++++ Records to process

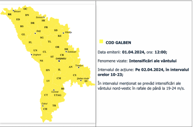 Желтый код: погодные условия потенциально опасны, ожидаемые метеорологические явления (ливни, грозы, порывы ветра, высокие или низкие температуры, возможные повышения дебитов и уровней воды и др.) обычны для территории страны, но временами могут представлять опасность для отдельных видов социально-экономической деятельности.
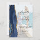 6-Photo Navy Blue Gold Agate Wedding Invitation
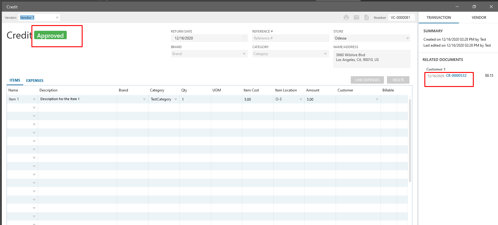 inventories in Customer credit will be allocated automatically to Vendor credit
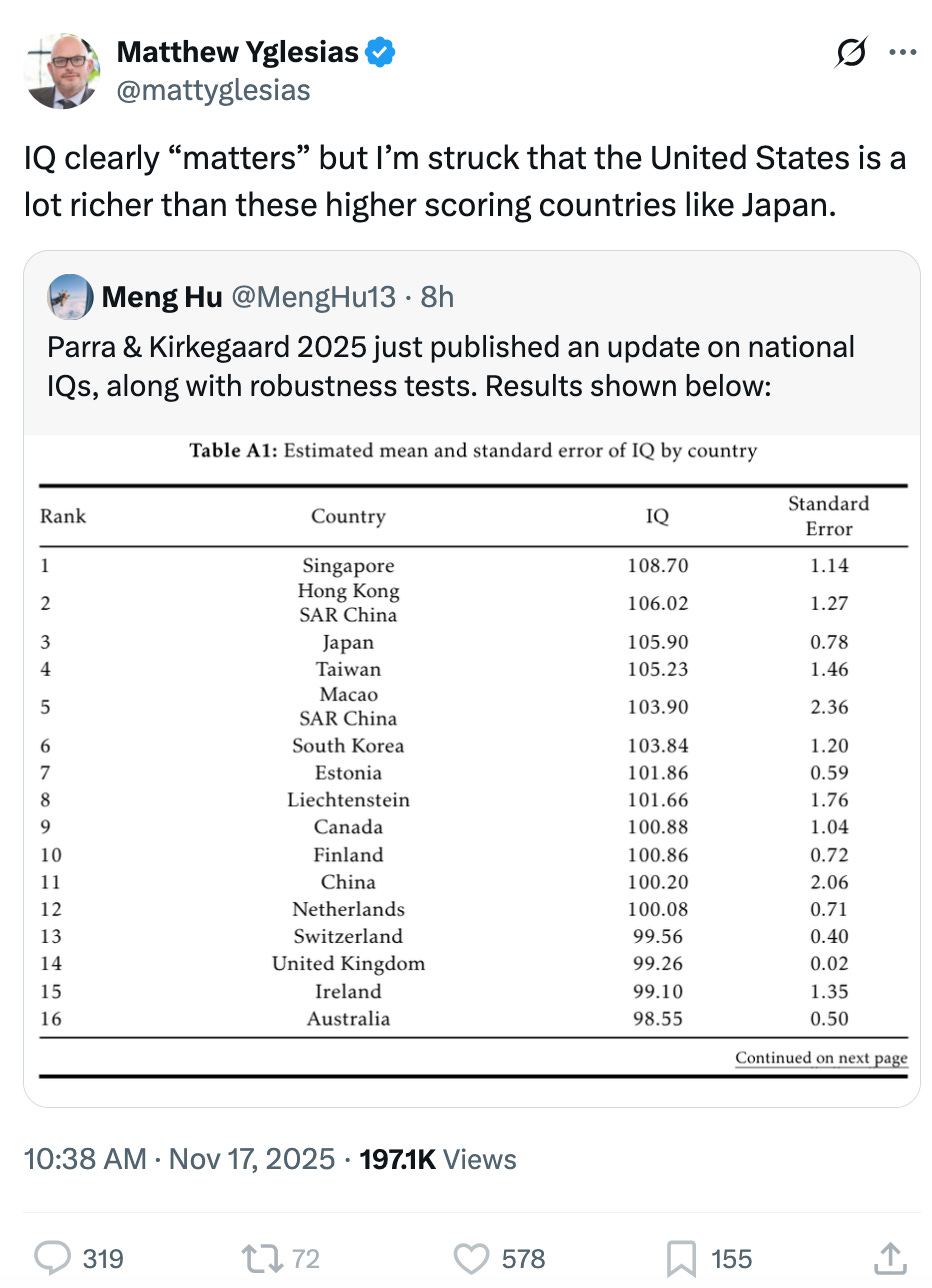 Pinker: Irony: Replicability crisis in psych DOESN’T apply to IQ: huge n’s, replicable results. But people hate the message..
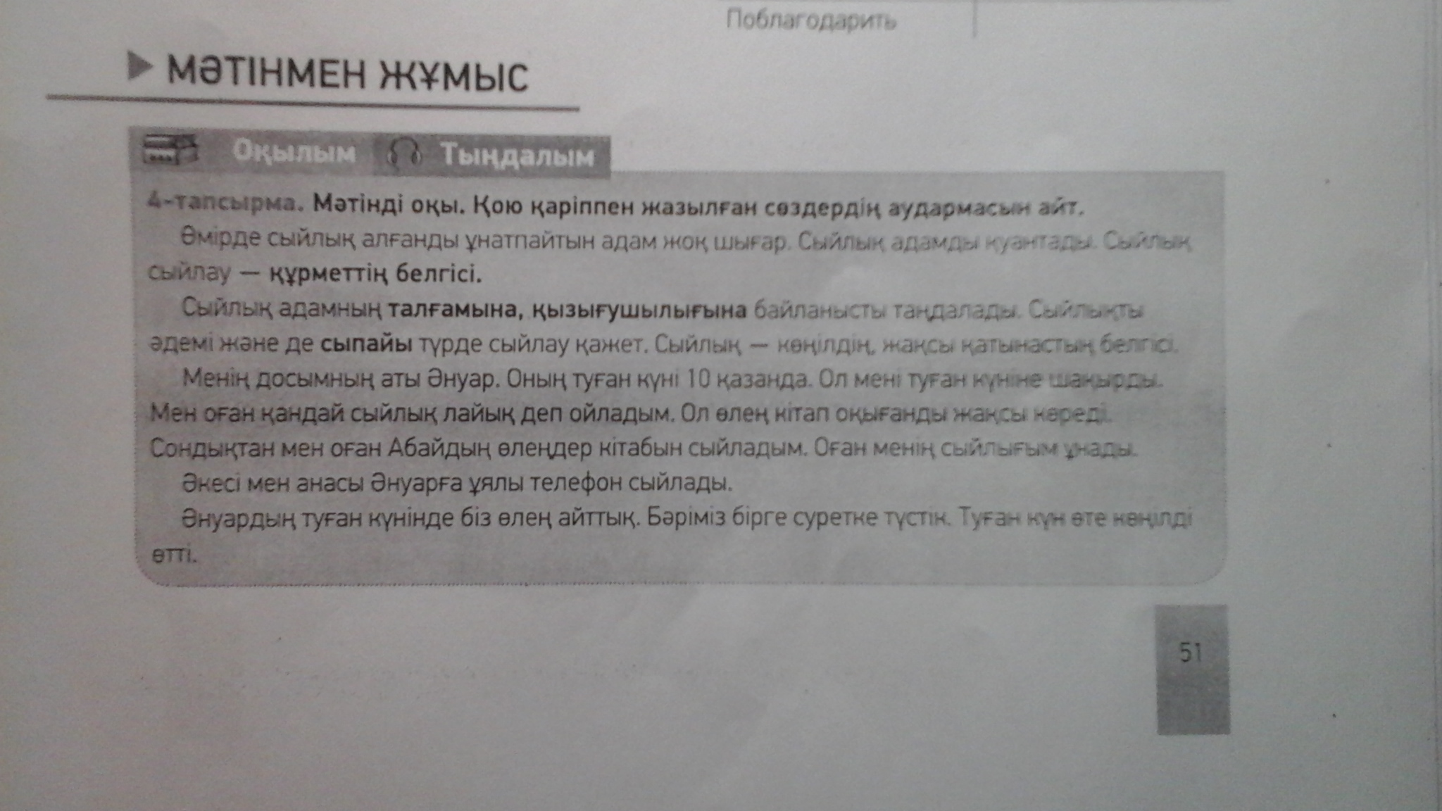Моего друга зовут Ануар. У него в десятое октября день рождение. Он позвал меня на вечеринку в честь его дня рождения. Я думал(-а) какой подарок ему подарить? Он любит читать стихотворные книжки. Поэтому я подарил ему сборник стихотворений Абая. Ему понравился мой подарок.
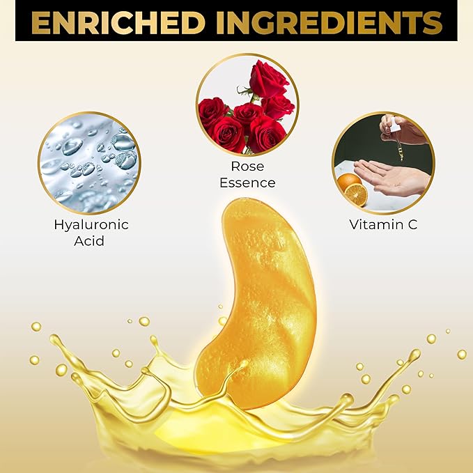 - ADD THEM TO YOUR SKIN CARE ROUTINE: Infused with skin-loving ingredients like hyaluronic acid, collagen, vitamin c, and rose essence, they offer noticeable results, helping to smooth fine lines, reduce puffiness, and restore a youthful glow.
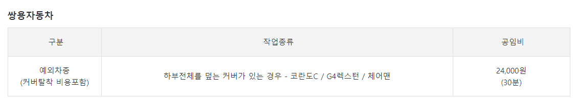 5. 쌍용자동차 KGM : 대부분 차량이 24,000원으로 책정이 되어있습니다.
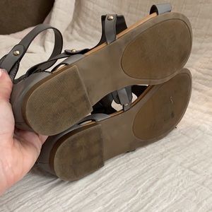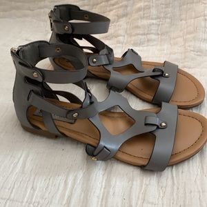 Gray leather sandals by Steve Madden. In great condition. Metal Studs . zippers work great on backs of shoes ! really cute
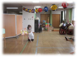 本日はみつばちひろばのなつまつり♪まずは、和室でお子さん達の名前を呼んでお返事してもらうことからスタートしました。手遊びや「お花紙」をちぎって遊んだあと大型絵本「おめんです」を読みました。お名前呼びでは、恥ずかしそうにしていたお友だちも少しずつ「場」に慣れてきてくれました。「お面」を付けてホールへ移動し、「ヨーヨー釣り」「ゲームコーナー」など楽しんでくれた様子☆保育園の園児が作った「お神輿」を担いだり、うちわの制作も行ないましたよ。今年は地域のお祭りに参加する子も多いかな?楽しい夏になるといいですね♡
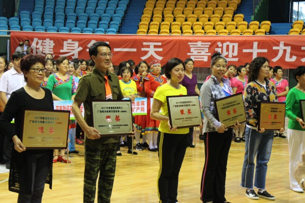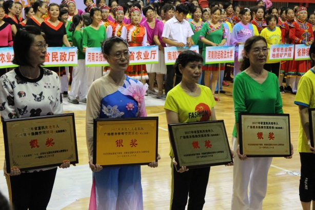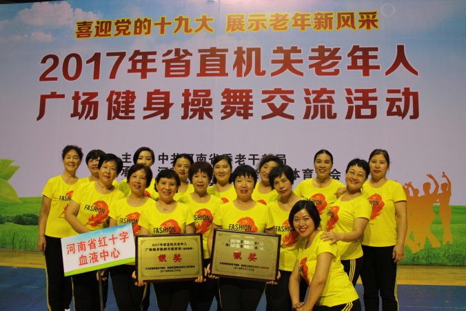 2017年9月27日离退科组织单位退休老同志参加由中共河南省委老干部局主办,河南省直属机关老年人体育协会承办的2017年省直机关老年人广场舞健身操舞交流活动,荣获规定套路和自选套路银奖的好成绩。此次舞蹈我单位共有16名队员参赛,另设替补队员2名,所有队员历时数月时间,不惧酷暑,不讲条件,在前期没有外请教练的情况下克服种种困难、自编自练,互帮互助,圆满完成此次活动,充分展现出血液中心离退休老同志健康向上、积极阳光的精神风采,为单位精神文明创建增添色彩,为庆祝党的十九大的顺利召开献礼!
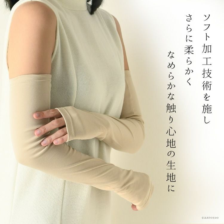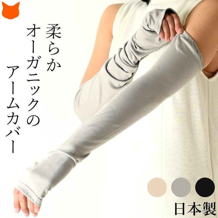 ▼特徴:肌色 綿 オーガニックコットン 日除け 日本製 ブランド 腕カバー 指ぬき

++++++++

Copy back exactly the lines above from the one containing "- ADD THEM TO" through the one containing "本日はみつばちひろばのなつま", and leave every picture behind.

 - ADD THEM TO YOUR SKIN CARE ROUTINE: Infused with skin-loving ingredients like hyaluronic acid, collagen, vitamin c, and rose essence, they offer noticeable results, helping to smooth fine lines, reduce puffiness, and restore a youthful glow.
 5. 쌍용자동차 KGM : 대부분 차량이 24,000원으로 책정이 되어있습니다.
 Gray leather sandals by Steve Madden. In great condition. Metal Studs . zippers work great on backs of shoes ! really cute
 本日はみつばちひろばのなつまつり♪まずは、和室でお子さん達の名前を呼んでお返事してもらうことからスタートしました。手遊びや「お花紙」をちぎって遊んだあと大型絵本「おめんです」を読みました。お名前呼びでは、恥ずかしそうにしていたお友だちも少しずつ「場」に慣れてきてくれました。「お面」を付けてホールへ移動し、「ヨーヨー釣り」「ゲームコーナー」など楽しんでくれた様子☆保育園の園児が作った「お神輿」を担いだり、うちわの制作も行ないましたよ。今年は地域のお祭りに参加する子も多いかな?楽しい夏になるといいですね♡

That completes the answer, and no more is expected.